— Task —
Reproduce only what runs from the line containing "Auf Mobilgeräten befindet" to the line containing "The prompt will" in the records below, inclusive. Keep it exact, and keep the pictures out.

--- Exercise data Enclosed Below ---

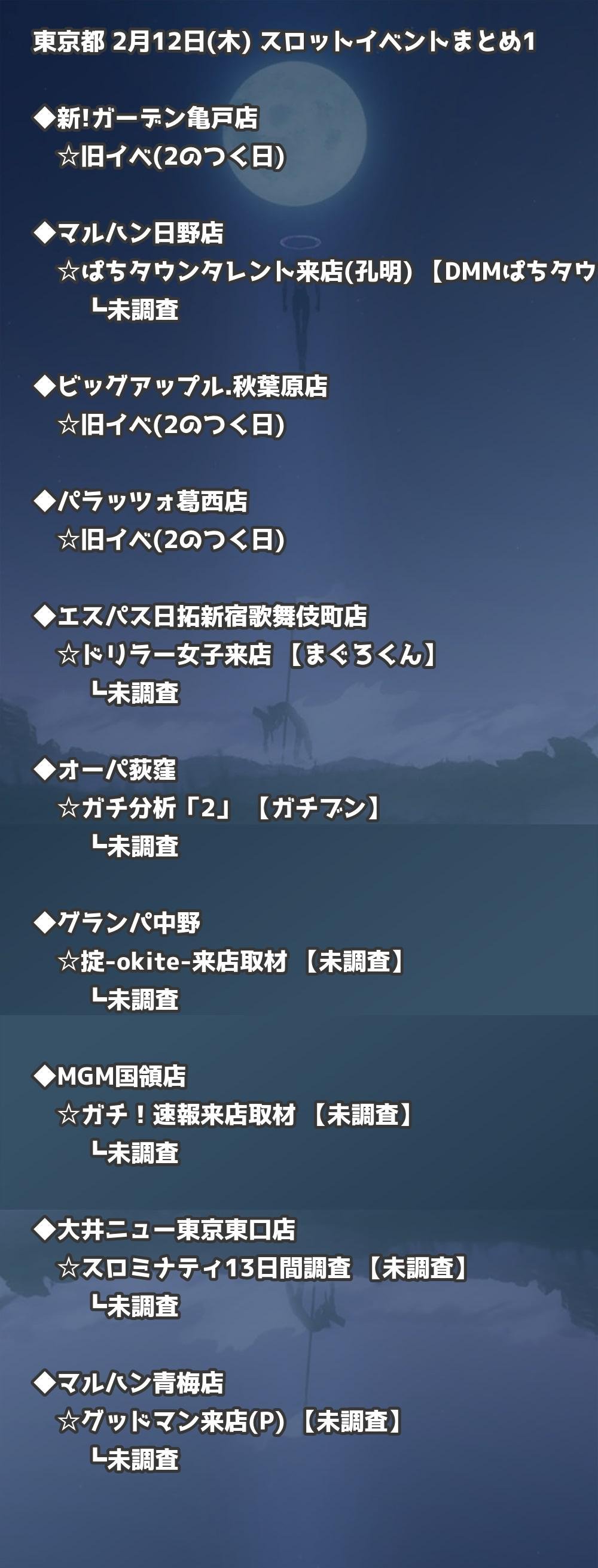 【東京都】2月12日(木) パチンコホールイベント取材まとめ記事です。
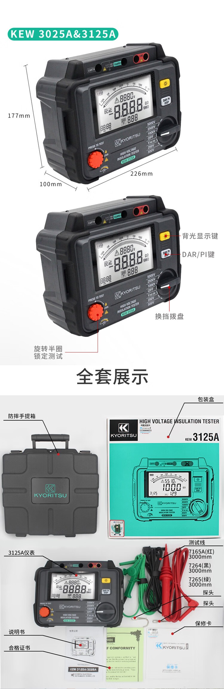 商品名称:【精选】克列茨 KEW3125A 250V-5000V 高压绝缘电阻测试仪 (计价单位:个)
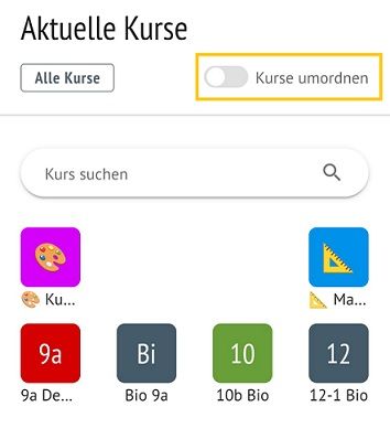 Auf Mobilgeräten befindet sich rechts oben die Schaltfläche Kurse umordnen, die sich ein- und ausschalten lässt. Anschließend können die Kurs-Symbole dann frei bewegt werden.
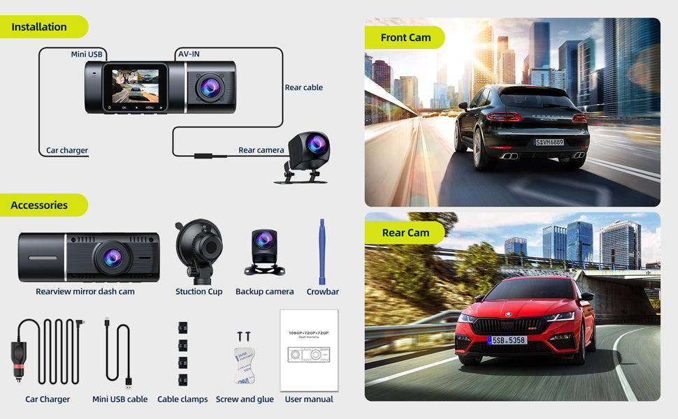 【360° Wide-angle Dash Cam Front and Rear】- The front lens viewing angle reaches 170° and covers five lanes for safe driving. The interior and rear lens and of 150 ° are sufficient to capture a full view of your car's interior and back.
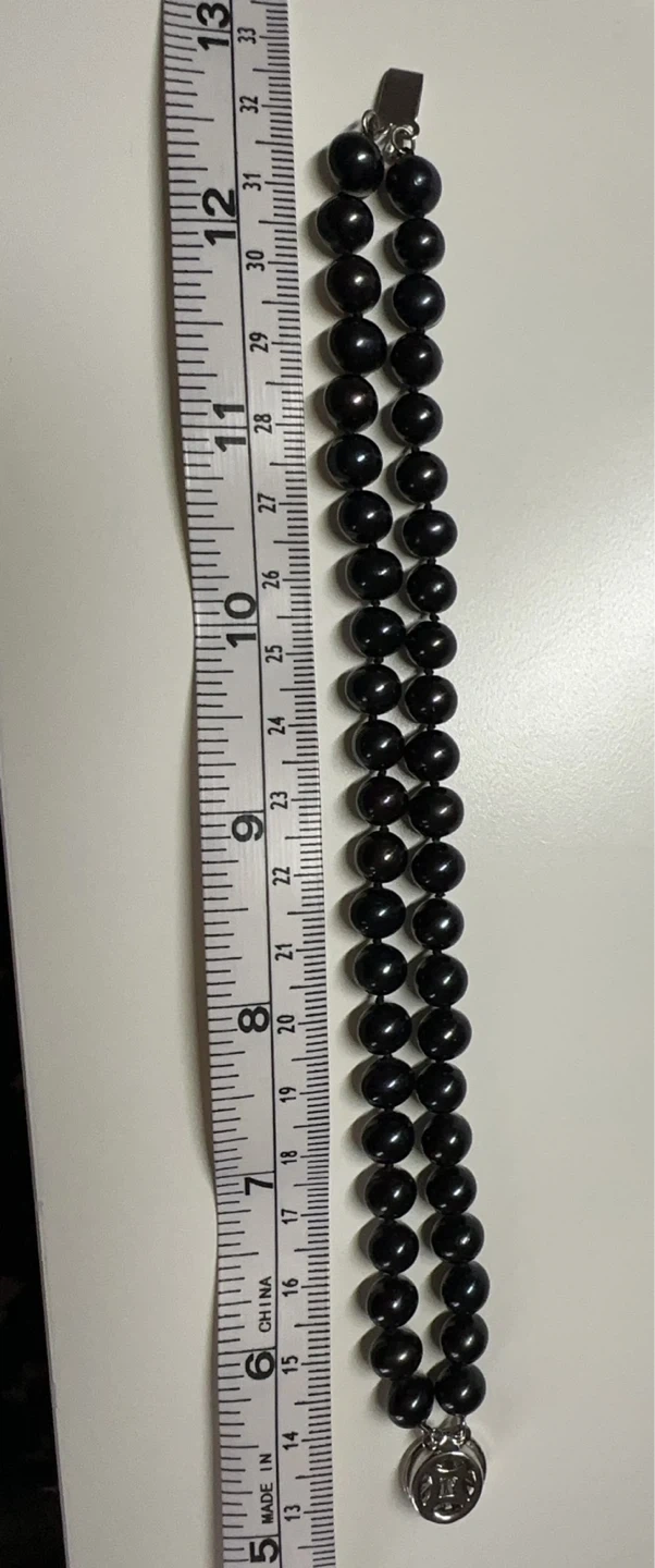 Double Strand Black Pearl Bracelet with Silver Clasp
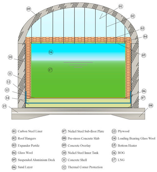 - Jeon, S.-J.; Jin, B.-M.; Kim, Y.-J.; Chung, C.-H. Consistent thermal analysis procedure of LNG storage tank. Struct. Eng. Mech. 2007, 25, 445–466. [Google Scholar] [CrossRef]
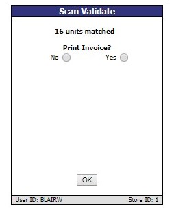 The prompt will also display the text "Print invoice?" with two radio buttons: 'No' and 'Yes'. The value of the switch 'RF SCAN VALIDATION PRINT INVOICE' will determine which radio button is pre-selected and whether the user has a choice to select a radio button value.
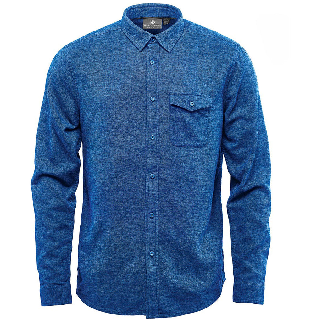 Keep it casual by adding your company's custom logo or design to the Stormtech Men's Indigo Dockyard Long Sleeve Twill Shirt. Available in a range of attractive color options, it's made from a highly durable brushed twill fabric. Design details like the single chest pocket and curved hemline keep it on the cutting-edge of current trends.

--- End of Enclosed Exercise data ---

— Solved exercise —
 Auf Mobilgeräten befindet sich rechts oben die Schaltfläche Kurse umordnen, die sich ein- und ausschalten lässt. Anschließend können die Kurs-Symbole dann frei bewegt werden.
 【360° Wide-angle Dash Cam Front and Rear】- The front lens viewing angle reaches 170° and covers five lanes for safe driving. The interior and rear lens and of 150 ° are sufficient to capture a full view of your car's interior and back.
 Double Strand Black Pearl Bracelet with Silver Clasp
 - Jeon, S.-J.; Jin, B.-M.; Kim, Y.-J.; Chung, C.-H. Consistent thermal analysis procedure of LNG storage tank. Struct. Eng. Mech. 2007, 25, 445–466. [Google Scholar] [CrossRef]
 The prompt will also display the text "Print invoice?" with two radio buttons: 'No' and 'Yes'. The value of the switch 'RF SCAN VALIDATION PRINT INVOICE' will determine which radio button is pre-selected and whether the user has a choice to select a radio button value.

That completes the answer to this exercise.